The idea of a soft landing (when inflation rates ease and the economy avoids recession) is likely playing a big part.
Gross domestic product, adjusted for inflation, rose by 3.3% in the fourth quarter of 2023, the Commerce Department reported Thursday. That measure blew away forecasts of just 1.5%, according to FactSet estimates.
Consumer spending, which accounts for about two-thirds of the US economy, also grew at a healthy 2.8% rate in the fourth quarter, according to the report.
Meanwhile, inflation rates fell last quarter.
The price index for Personal Consumption Expenditures, the Federal Reserve’s preferred inflation gauge, came in at 1.7% for the quarter, under the Fed’s 2% target.
Economists polled by the National Association for Business Economics now overwhelmingly say the US economy will avoid a recession this year, a fate that many had predicted for 2023.
This is “the recession that wasn’t,” said Lydia Boussour, senior economist at EY, in a note to clients on Thursday. “Overall, the economy sailed through 2023 with growth averaging 2.5% for the year, handily surpassing consensus expectations for a recession. Looking ahead, we continue to see a soft landing as the most likely outcome this year even if a collection of headwinds and risks means that recession odds are around 35%.”
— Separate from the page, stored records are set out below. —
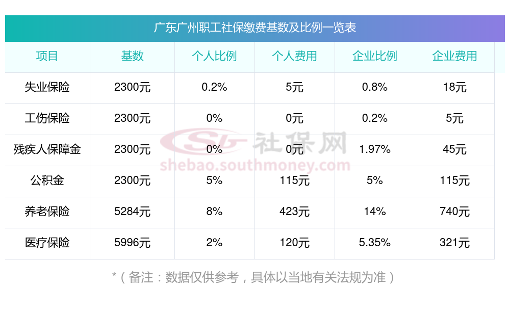 2025年社保多少钱一个月?下表是2024-2025年广东广州社保费用明细参考,新社通app-社保缴费查询工具提供的最新数据如下:
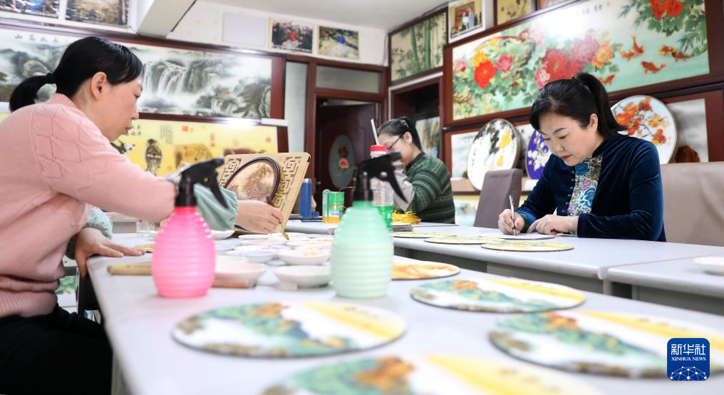 2月27日,刘晶涛(左二)和丈夫谢春波(左一)在凤城市边门镇的车间里探讨画稿创作。
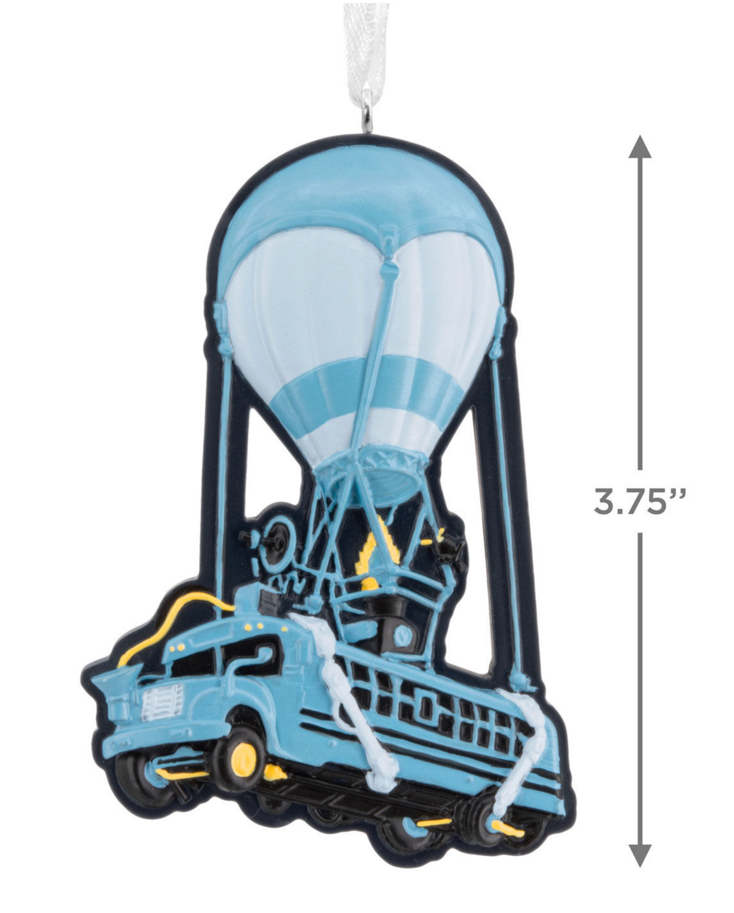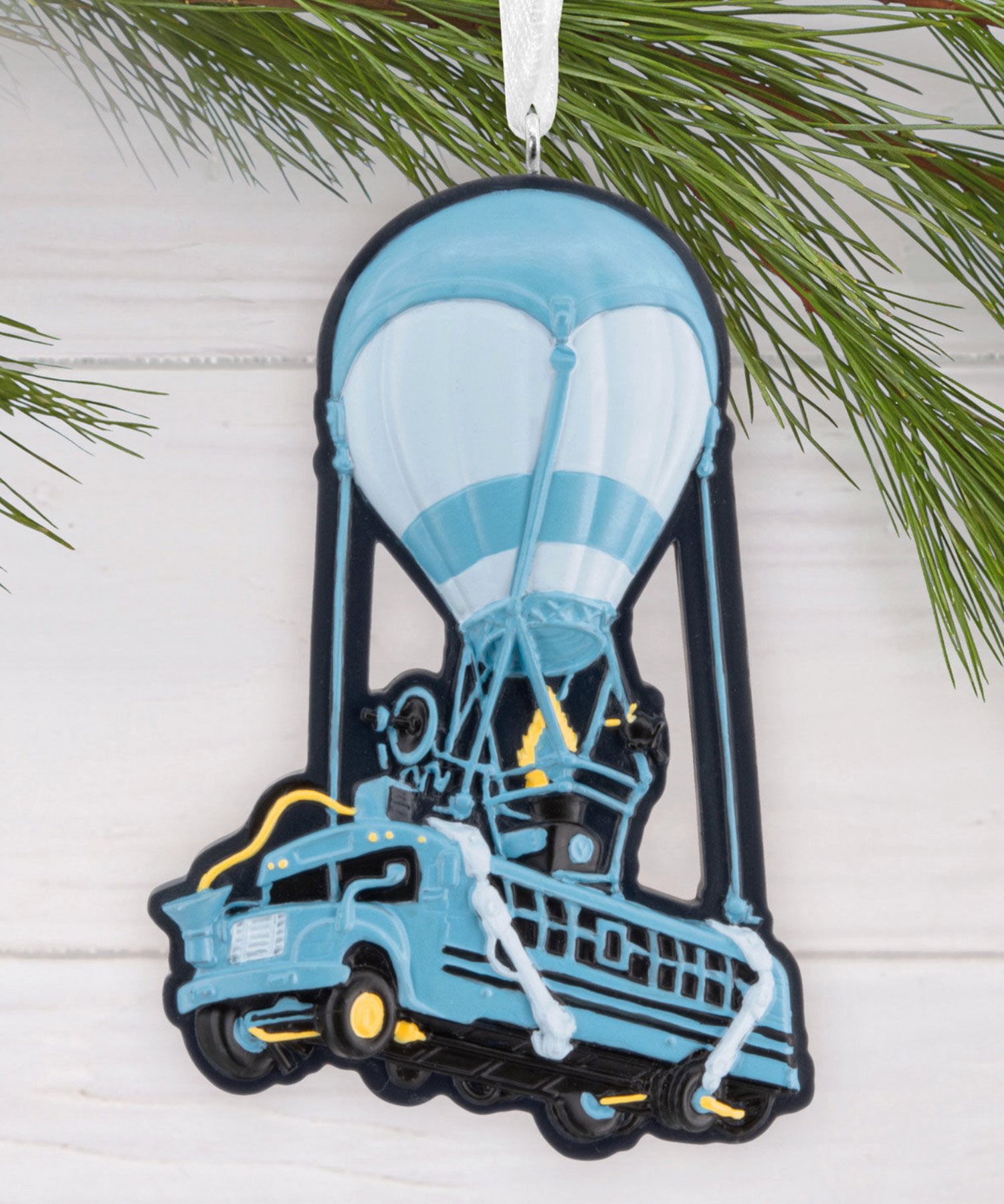 Drop in and bring the world of Fortnite to life in your seasonal decor. Holiday excitement soars to new heights with this Christmas tree ornament featuring the Battle Bus, the hot air balloon-powered blue bus from the video game phenomenon "Fortnite Battle Royale."

Central bank officials are now expecting and openly discussing interest rate cuts this year.
Fed Governor Christopher Waller said just last week that “as long as inflation doesn’t rebound and stay elevated, I believe the [Fed] will be able to lower the target range for the federal funds rate this year.”
Financial markets currently see a roughly 51% chance the Fed will cut rates in March and about a 90% chance that the Fed will cut rates in May, according to the CME FedWatch Tool.
An explosion in artificial intelligence has been a main driver of the recent rally in equities. And the budding industry could increase productivity in the years to come.“In the next few years, the main impact of AI on work will be to help people do their jobs more efficiently. That will be true whether they work in a factory or in an office,” Microsoft founder Bill Gates wrote in a blog post last year.
Microsoft shares are up about 7.7% for the year, and on Wednesday the software giant became the second-ever company worth $3 trillion on as the AI boom sent its stock soaring higher.
Shares of Meta, meanwhile, gained 1.4% on Wednesday to bring the AI-focused company’s market cap above the $1 trillion line.
Yes, markets are hot right now, but your portfolio could still be suffering. That’s because while major indexes are up, the broader market isn’t.
As of last week, Nvidia and Microsoft accounted for about 75% of the S&P 500’s gain this year, according to analysts at Bespoke Investment Group. The 20 largest stocks in the index, they found, made up 110% of the index’s gains, while the remaining 480 were acting as a drag.
Last year, the S&P 500 rose by just over 24%, but if you were to weigh each stock in the index equally, it gained just 11.6%. That’s the largest outperformance by the S&P 500 over its equal-weighted version since the 1998 dot-com bubble, said Henry Allen, a strategist at Deutsche Bank, in a note to clients on Tuesday.
A narrow rally doesn’t necessarily mean a crash is coming. But it’s largely Big Tech that’s driving markets higher, and that concentration of gains in so few stocks carries inherent risk. “Those equity gains could prove vulnerable to a change in sentiment towards that group,” wrote Allen.